Dengan Facebook dan Twitter, orang bisa
menjalin hubungan dengan teman atau saudaranya yang sudah puluhan tahun
berpisah tanpa diketahui keberadaannya. Dengan Youtube orang bisa mengumumkan
setiap kegiatannya sebagai bentuk akuntabilitasnya. Dengan Youtube pula banyak
asib orang-orang biasa namun tiba-tiba menjadi selebriti karena bakatnya yang
terbaca orang lain. Dengan Google dan Yahoo, apa yang tidak bisa kita ketahui?

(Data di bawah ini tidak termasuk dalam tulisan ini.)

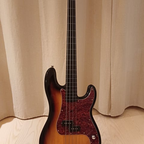 Anskaffet denne nylig på Finn, men fretless uten båndmarkeringer/linjer ble for uvant for meg, så da lar jeg den heller gå. Den fortjener å bli brukt, da den låter helt krem, og spiller nydelig.

Beragam ilmu pengetahuan tersedia disana, komunikasi real time bisa dilakukan kapan saja, dan bahkan kitapun bisa
melihat kota-kota di berbagai belahan dunia melalui Google Earth. Kepandaian
manusia bisa ditingkatkan dengan cepat, demikian pula transaksi antar manusia
dan antar negara bisa dijembatani dengan sangat cepat melalui media-media
tersebut. Singkatnya, Yahoo!, Google, Facebook, Youtube, dan Twitter menjadi
inovasi terbesar dalam abad 20 dan sesudahnya. Hebatnya, itu semua terjadi
karena jasa anak-anak muda tadi.
Untuk konteks Indonesia, para pemuda
bisa dikatakan juga telah memegang mimbar yang menentukan arah bangsa ini
kedepan. Lihat saja, para anggota KPU dari Ketuanya hingga para Komisionernya
mayoritas kelahiran 1970-an. Beberapa pejabat tinggi selevel Menteri atau Wakil
Menteri seperti Prof. Denny Indrayana dan Prof. Eko Prasojo adalah generasi emas
yang lahir periode 1970-an. Bahkan Lukman Edy diangkat menjadi Menteri
Pembangunan Daerah Tertinggal era Kabinet Indonesia Bersatu I pada tahun 2007
ketika usianya belum genap 37 tahun. Di level daerah, kita mengenal Makmun Ibnu
Fuad yang terpilih menjadi Bupati Bangkalan pada tahun 2012 dalam usia 26 tahun.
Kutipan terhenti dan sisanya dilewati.